From doomsday scenarios of malevolent robots to the real concerns around facial recognition software and automated decision-making systems, as illustrated in the film Coded Bias, the power of artificial intelligence has been accompanied by fears of its misuse. At the most recent NetIKX seminar, Ahren Lehnert of Synaptica addressed some of these issues from a knowledge and information management perspective.
As information professionals, the aspect of AI which we will encounter most frequently is machine learning (ML), the study of computer algorithms which improve automatically through experience and by the use of data. Machine learning requires ‘big data’, but this data must be clean, accurate and appropriate to the problem we are trying to solve. Many companies are yet to work out how to de-silo and clean their data, or how to analyse it once the preparatory work is complete. The main reasons why ML ‘fails’ are inaccurate, inconsistent or insufficient data (it is more difficult to find patterns in inconsistent data) coupled with a tendency to spend too much time on data cleansing rather than improving machine learning models.
Bots and bias
Common use cases for machine learning include content tagging, recommendation engines, recruitment, crime prevention, finance and autonomous vehicles. However, ML algorithms rely on a dataset of training data in order to make predictions or decisions – and this is where many of the ethical issues arise. A recent example was Microsoft’s chatbot Tay, which ‘learned’ from the data of interactions with Twitter users: in less than 24 hours, the bot was repeating abusive and offensive language.
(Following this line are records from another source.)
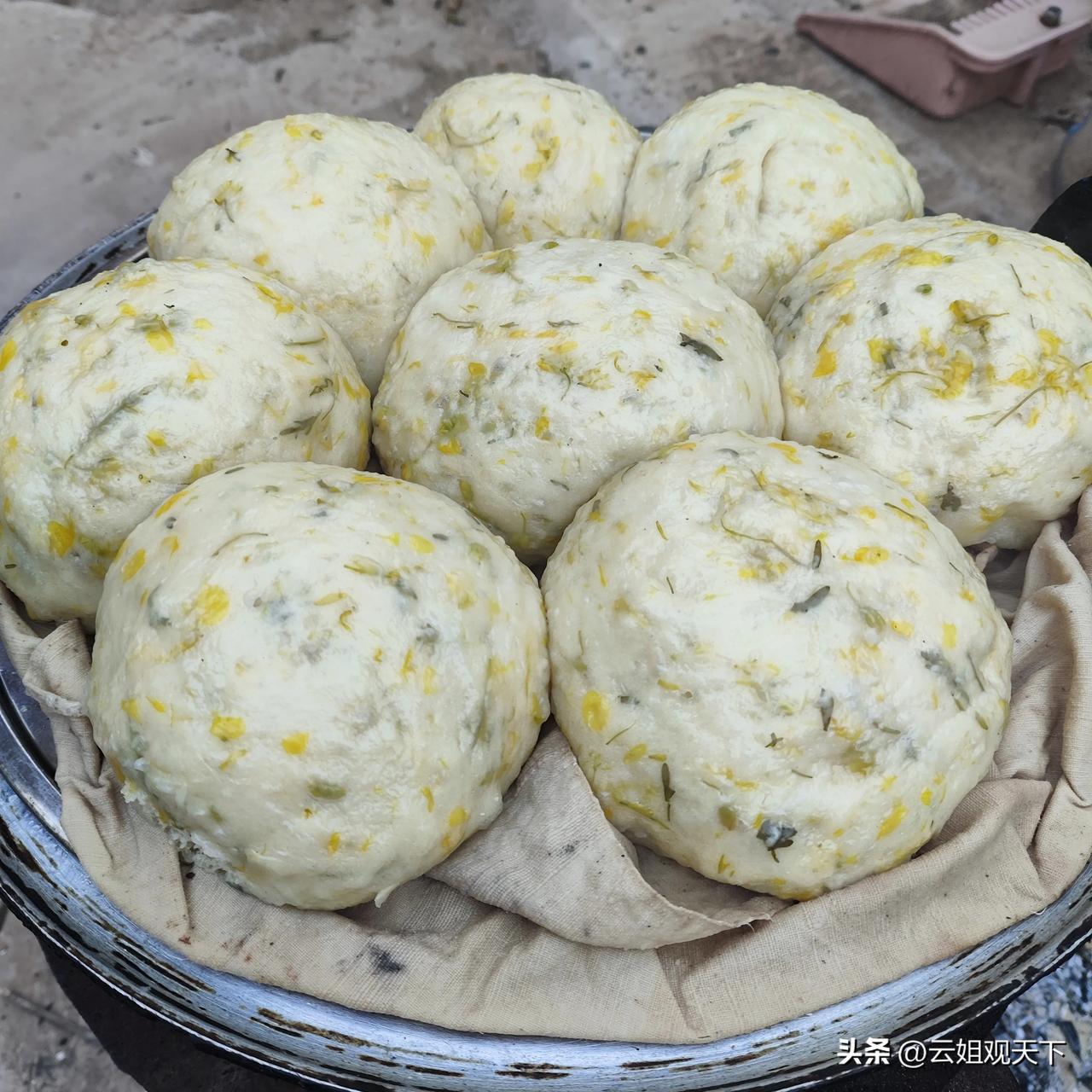 给大家看看,我今天跟着网上刚学会的,油菜花馒头。 地里现在到处都是金灿灿的油菜花,采一把回来, 放在盆里洗干净,放面粉,发酵粉,用温水和面,一个小时多面就开了,揉成馒头剂子,直接上锅蒸25分钟就好了。 吃起来软软的,有一股花香的味道,口感还不错。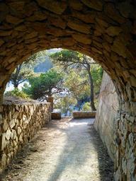 Keywords: path tunnel trees nature pine vegetation trail landscape forest tree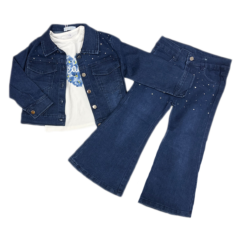 Το παντελόνι και το τζιν μπουφανάκι έχουν στο πάνω μέρος στρασάκια

The main source of bias, as Ahren pointed out, is that content is generated by people, and people have biases. When we refer to an algorithm as ‘racist’, we actually mean that the human-generated data behind the algorithms reflects racist assumptions – for example, when identifying crime suspects or evaluating mortgage applications. A related issue which is of particular concern to information professionals is that taxonomies can also have an inbuilt bias, as they are built from content which usually reflects an organisational viewpoint and which may well be flawed both in content and coverage. The Library of Congress classification scheme has recently attracted attention because of its structure and terminology, both of which are increasingly viewed as problematic.
What is ethical and who decides?
So what is ‘ethical AI’ and how can we achieve this? A useful starting point is provided by the FAST Track Principles (Fairness, Accountability, Sustainability, Transparency) developed by the Alan Turing Institute. Transparency requires ML and AI outcomes to be explainable – too often, ML systems are ‘black boxes’ where the user has no insight into the reason behind the results delivered by an algorithm. What all these factors – most obviously accountability- have in common is the importance of keeping the human in the loop throughout the entire process, from design to implementation.
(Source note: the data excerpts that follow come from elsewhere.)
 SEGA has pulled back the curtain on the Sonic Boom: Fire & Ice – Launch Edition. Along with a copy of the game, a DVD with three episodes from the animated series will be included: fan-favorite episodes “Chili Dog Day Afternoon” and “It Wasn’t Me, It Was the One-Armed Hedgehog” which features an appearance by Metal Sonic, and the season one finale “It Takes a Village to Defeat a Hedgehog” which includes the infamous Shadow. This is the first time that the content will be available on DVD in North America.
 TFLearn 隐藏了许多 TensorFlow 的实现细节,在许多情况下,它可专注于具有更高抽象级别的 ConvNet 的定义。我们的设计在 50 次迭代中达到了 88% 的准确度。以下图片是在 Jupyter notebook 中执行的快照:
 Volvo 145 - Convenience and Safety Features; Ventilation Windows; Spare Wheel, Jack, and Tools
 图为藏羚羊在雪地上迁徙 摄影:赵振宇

How do we reach a consensus on what is ethical? There are currently no codified standards, so who writes and enforces codes of conduct? Within an organisation, the emphasis needs to be on industry and geo-specific regulatory requirements and conducting appropriate risk assessments, as well as a willingness to invest in legal resources and to understand social concerns. There are some existing frameworks which can be used as guidelines: Ahren suggested finding something that works and adapting it for your own organisation.
A virtuous content cycle – KM to the rescue?
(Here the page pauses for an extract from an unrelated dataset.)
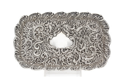 of rectangular form with allover rococo decoration, centered by a vacant cartouche.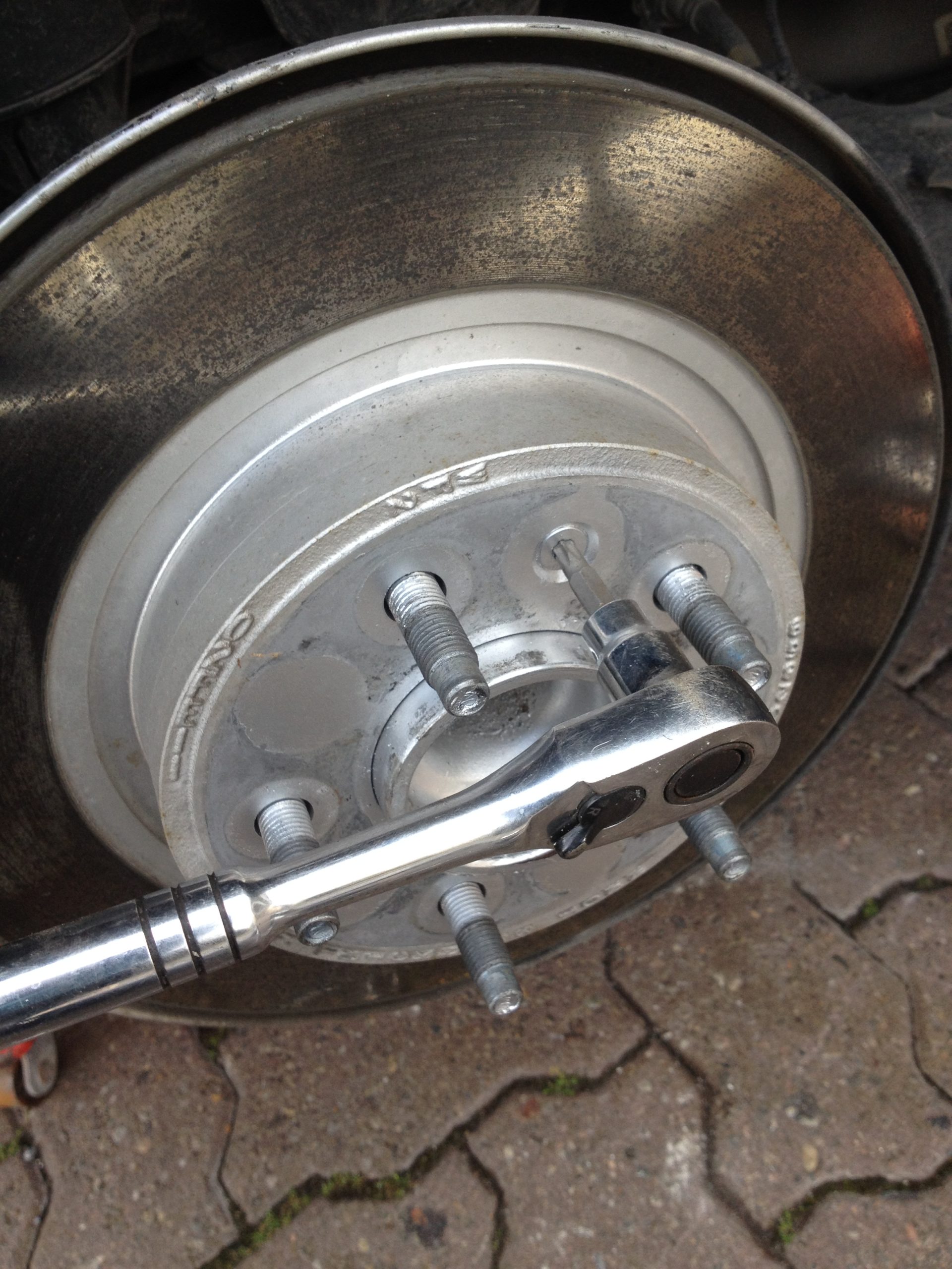 Pour pouvoir enlever le rotor de frein, il faut dévisser une vis avec un douille Torx T-30. Cela se dévisse facilement (avec le bon outil).

Knowledge organisation principles can help here by providing a controlled perspective. Many problems are solved by classification, so providing examples of desired classification will help to train the model. Labelling training data with predefined classes, using text analytics to process and extract new controlled values (and to cluster known and unknown values from unsupervised learning tasks) and using taxonomy and ontology management software to map these values are all vital to avoid the pitfalls of statistical bias, ambiguity and incompleteness. Thus, we can create a ‘virtuous content cycle’, using content to build a taxonomy, then using the taxonomy to tag content using controlled values and retrieving content in search based on the tags and text keywords.
One crucial step to success is to create trust in the data and systems, which can be achieved by following the FAST Track principles as detailed above and by following good data governance, content and knowledge management practice. The time invested in setting up an information architecture which prepares, cleanses and governs data appropriately will be a worthwhile investment in comparison with the time potentially spent cleansing data for each new machine learning activity. Clearly communicating the source and nature of data will help to increase trust in the system and its resulting analytics and reporting.
Ahren left us with three discussion questions: whose responsibility is AI? what can we do in our roles as information professionals to work toward ethical AI? and: is Star Wars or Star Trek better, and can we even make such a claim? – the final question relating specifically to issues of ethics, artificial intelligence and superintelligent AI. Although many of us were not working directly with AI or machine learning in a professional capacity, we were all able to identify ethical aspects of AI which impacted on our everyday lives and work tasks. Thanks to Ahren and all who participated for a stimulating and entertaining seminar!